If it works, then it’s impressive. Does it work? Looking at test.sh, the oracle tests (the ones compared against SQLite) seem to consist in their entity of three trivial SELECT statements. SQLite has tens of thousands of tests; it should be possible to port some of those over to get a better idea of how functional this codebase is.
Edit: I looked over some of the code.
It's not good. It's certainly not anywhere near SQLite's quality, performance, or codebase size. Many elements are the most basic thing that could possibly work, or else missing entirely. To name some examples:
- Absolutely no concurrency.
- The B-tree implementation has a line "// TODO: Free old overflow pages if any."
- When the pager adds a page to the free list, it does a linear search through the entire free list (which can get arbitrarily large) just to make sure the page isn't in the list already.
- "//! The current planner scope is intentionally small: - recognize single-table `WHERE` predicates that can use an index - choose between full table scan and index-driven lookup."
- The pager calls clone() on large buffers, which is needlessly inefficient, kind of a newbie Rust mistake.
However…
It does seem like a codebase that would basically work. At a large scale, it has the necessary components and the architecture isn't insane. I'm sure there are bugs, but I think the AI could iron out the bugs, given some more time spent working on testing. And at that point, I think it could be perfectly suitable as an embedded database for some application as long as you don't have complex needs.
In practice, there is little reason not to just reach for actual SQLite, which is much more sophisticated. But I can think of one possible reason: SQLite has been known to have memory safety vulnerabilities, whereas this codebase is written in Rust with no unsafe code.
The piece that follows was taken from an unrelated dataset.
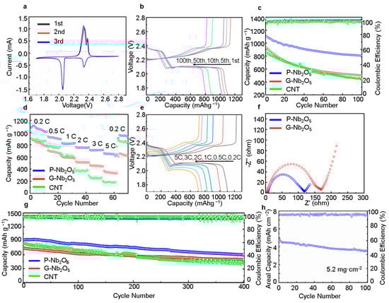 The cycling performances of the P-Nb2O5, G-Nb2O5, and CNT electrodes at 0.2 c are shown in Figure 5c. The initial discharge capacity of the P-Nb2O5 was 1106.8 mAh·g−1, indicating the good sulfur utilization of the electrode, with a capacity storage rate of 73.14% after 100 cycles. Compared to the granular Nb2O5 and CNT as the cathode mixing material, the battery that used the P-Nb2O5 as the mixing material for the positive electrodes showed excellent rate capability (Figure 5d,e) and delivered specific capacities of 1108.6, 1016.4, 892.6, 826.4, 753.4, and 713.4 mAh·g−1 at 0.2, 0.5, 1, 2, 3, and 5 C, respectively. The promoted rate capability of the P-Nb2O5 could be attributed to the porous nature, fast charge transfer, and rapid transport capabilities. When the rate returned to 0.2 C, the specific capacities of the batteries with the P-Nb2O5, G-Nb2O5, and CNT forms were 958.85, 655.01, and 870.70 mAh·g−1, respectively [30]. Electrochemical impedance spectroscopy on the batteries with the G-Nb2O5 and P-Nb2O5 electrodes was carried out, and the differences in the internal resistance were investigated, as shown in Figure 5f. The two Nyquist diagrams of the batteries in Figure 5f have the same shape, including a semicircle involving the charge transfer resistance (Rct) and a sloping line associated with the Li diffusion. The P-Nb2O5 had a lower charge transfer resistance (Rct = 117.6 Ω) compared to the G-Nb2O5, indicating that the P-Nb2O5 had the fastest charge transfer kinetics. To further investigate the status of the potential applications of the P-Nb2O5 cathode in practice, we explored the long cycle of the P-Nb2O5 and G-Nb2O5 cathodes, as seen in Figure 5g. The P-Nb2O5 cathode maintained a reversible capacity of up to 602 mAh·g−2 after 400 cycles at 1 C, with very high stability and discharge capacity compared to the G-Nb2O5 and CNT, which was primarily due to the redox reaction facilitated by the presence of the porous Nb2O5 and the suppression of the shuttle effect of the LiPSs. This demonstrated that the porous Nb2O5 could improve the reaction kinetics during the polysulfide reactions. In order to demonstrate the potential of the P-Nb2O5 for applications in LSBs, cycle performance tests were carried out on the LSBs with high sulfur loadings. As shown in Figure 5h, the electrode exhibited a high area capacity of 4.8 mAh·cm−2 at a high sulfur load of 5.2 mg·cm−2.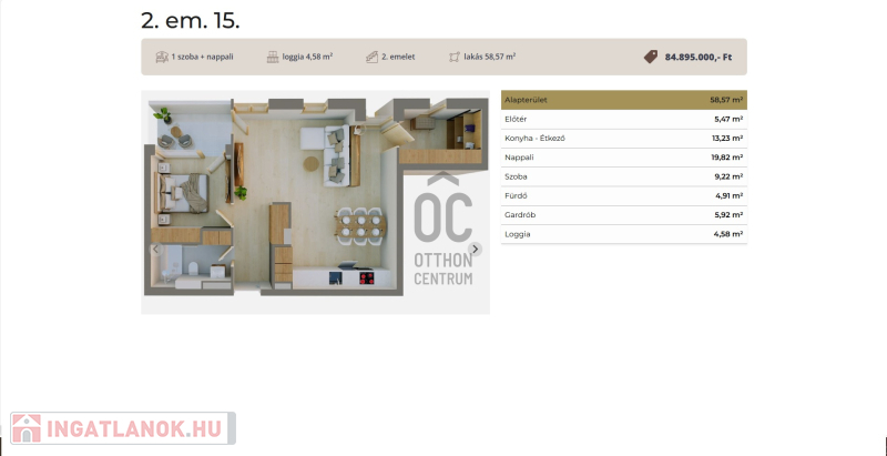 Ez a 2. emeleti lakás 58,57 nm-es, nappali-étkező-konyha +1 szobás, 4,58 nm-es loggiával.

It might eat your data, but it won't corrupt memory.
> But I can think of one possible reason: SQLite has been known to have memory safety vulnerabilities, whereas this codebase is written in Rust with no unsafe code.
I've lost every single shred of confidence I had in the comment's more optimistic claims the moment I read this.
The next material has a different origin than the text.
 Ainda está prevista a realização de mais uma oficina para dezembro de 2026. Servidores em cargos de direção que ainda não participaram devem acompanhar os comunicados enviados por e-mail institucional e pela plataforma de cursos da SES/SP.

If you read through SQLite's CVE history, you'll notice most of those are spurious at best.
I am using sqlite in my project. It definitely solves problems, but I keep seeing overly arrogant and sometimes even irresponsible statements from their website, and can't really appreciate much of their attitude towards software engineering. The below quote from this CVE page is one more example of such statements.
> All historical vulnerabilities reported against SQLite require at least one of these preconditions:
> 1. ...
> 2. The attacker can submit a maliciously crafted database file to the application that the application will then open and query.
> Few real-world applications meet either of these preconditions, and hence few real-world applications are vulnerable, even if they use older and unpatched versions of SQLite.
SQLite is tested against failure to allocate at every step of its operation: running out of memory never causes it to fail in a serious way, eg data loss. It's far more robust than almost every other library.
assuming your malloc function returns NULL when out of memory. Linux systems don't. They return fake addresses that kill your process when you use them.
Lucky that SQLite is also robust against random process death.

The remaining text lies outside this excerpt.